### YOUR OBJECTIVE
Omit the images, then print each record below exactly as it reads.

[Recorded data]
____________________

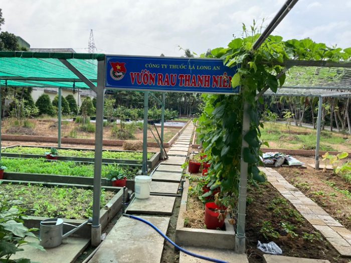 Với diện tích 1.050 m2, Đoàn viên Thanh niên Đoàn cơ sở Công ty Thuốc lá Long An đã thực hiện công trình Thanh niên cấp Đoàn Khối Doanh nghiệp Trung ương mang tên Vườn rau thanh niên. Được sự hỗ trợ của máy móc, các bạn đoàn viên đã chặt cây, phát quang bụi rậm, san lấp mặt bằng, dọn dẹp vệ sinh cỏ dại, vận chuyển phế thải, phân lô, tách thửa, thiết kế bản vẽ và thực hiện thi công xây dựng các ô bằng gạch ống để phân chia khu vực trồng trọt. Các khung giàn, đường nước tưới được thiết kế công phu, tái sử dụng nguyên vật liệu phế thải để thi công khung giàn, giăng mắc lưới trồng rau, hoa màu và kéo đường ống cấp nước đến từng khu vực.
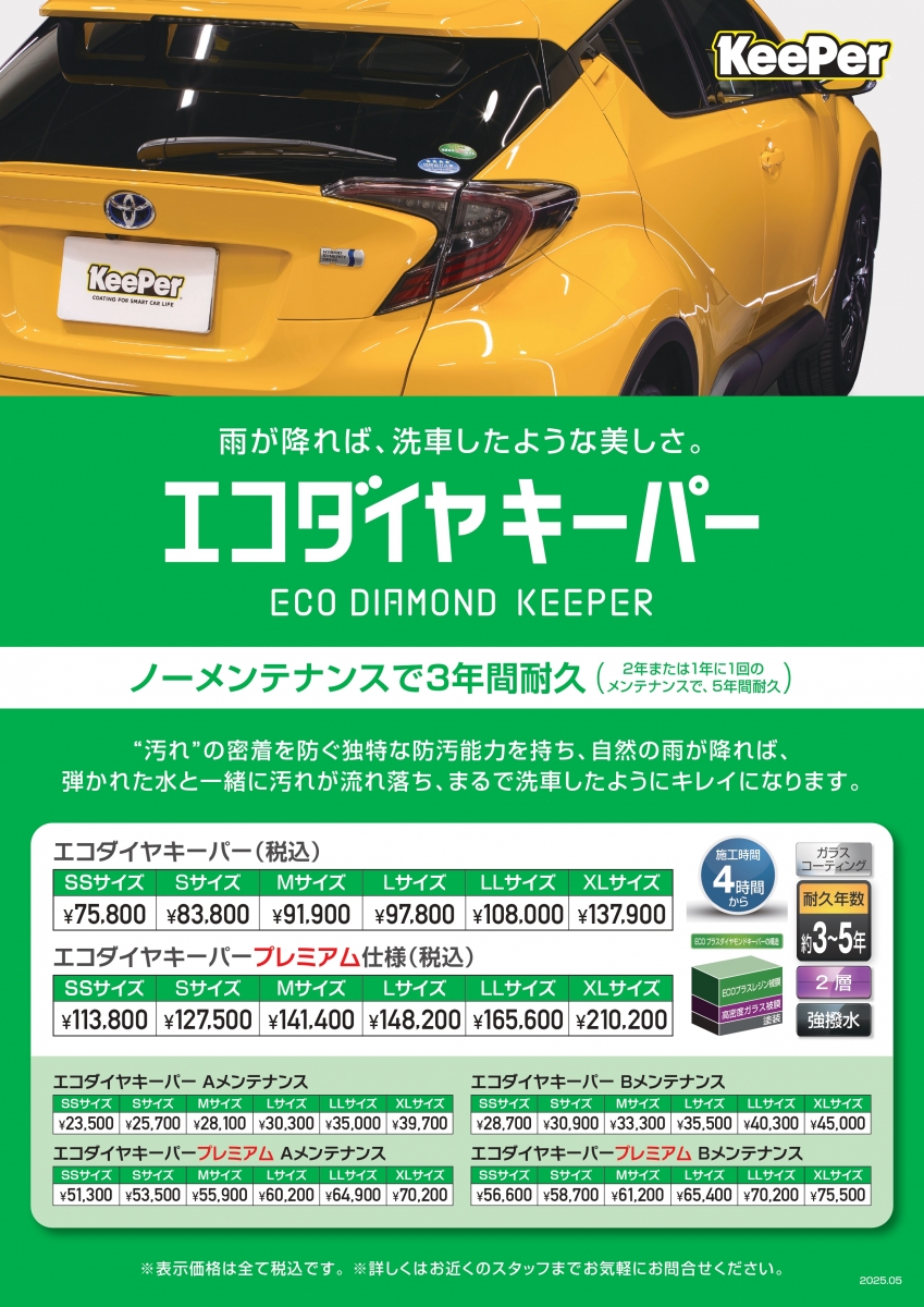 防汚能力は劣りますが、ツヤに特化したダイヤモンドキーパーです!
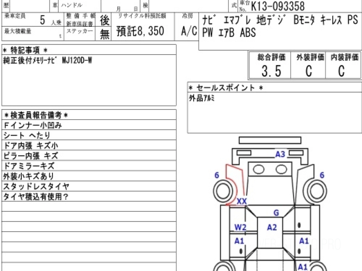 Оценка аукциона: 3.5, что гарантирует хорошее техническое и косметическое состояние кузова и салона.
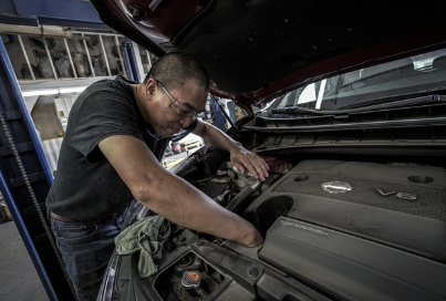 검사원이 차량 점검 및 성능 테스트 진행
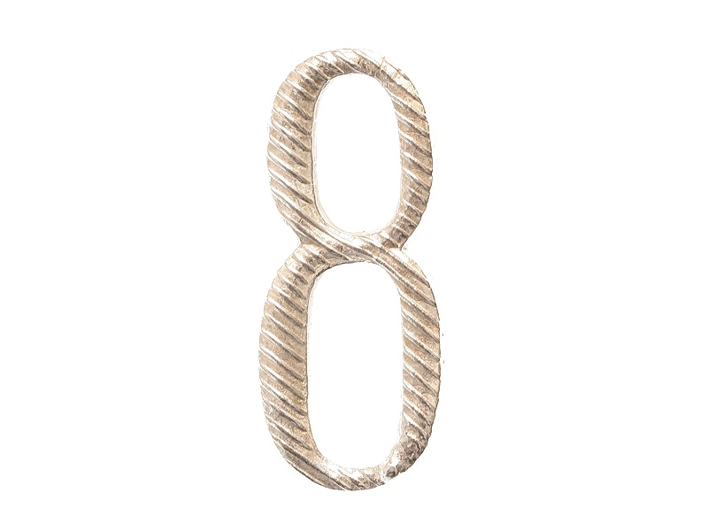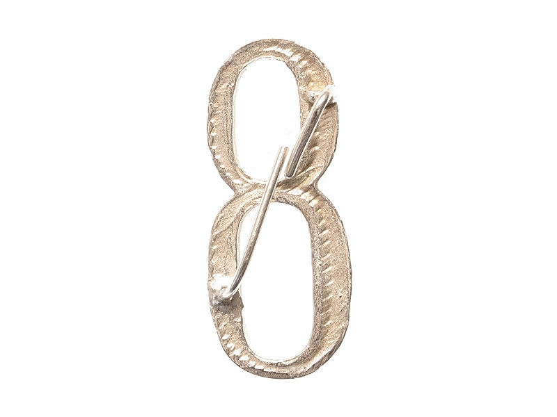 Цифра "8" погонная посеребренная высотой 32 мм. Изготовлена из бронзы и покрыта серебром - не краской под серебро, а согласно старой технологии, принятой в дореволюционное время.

____________________

### FINISHED EXERCISE
 Với diện tích 1.050 m2, Đoàn viên Thanh niên Đoàn cơ sở Công ty Thuốc lá Long An đã thực hiện công trình Thanh niên cấp Đoàn Khối Doanh nghiệp Trung ương mang tên Vườn rau thanh niên. Được sự hỗ trợ của máy móc, các bạn đoàn viên đã chặt cây, phát quang bụi rậm, san lấp mặt bằng, dọn dẹp vệ sinh cỏ dại, vận chuyển phế thải, phân lô, tách thửa, thiết kế bản vẽ và thực hiện thi công xây dựng các ô bằng gạch ống để phân chia khu vực trồng trọt. Các khung giàn, đường nước tưới được thiết kế công phu, tái sử dụng nguyên vật liệu phế thải để thi công khung giàn, giăng mắc lưới trồng rau, hoa màu và kéo đường ống cấp nước đến từng khu vực.
 防汚能力は劣りますが、ツヤに特化したダイヤモンドキーパーです!
 Оценка аукциона: 3.5, что гарантирует хорошее техническое и косметическое состояние кузова и салона.
 검사원이 차량 점검 및 성능 테스트 진행
 Цифра "8" погонная посеребренная высотой 32 мм. Изготовлена из бронзы и покрыта серебром - не краской под серебро, а согласно старой технологии, принятой в дореволюционное время.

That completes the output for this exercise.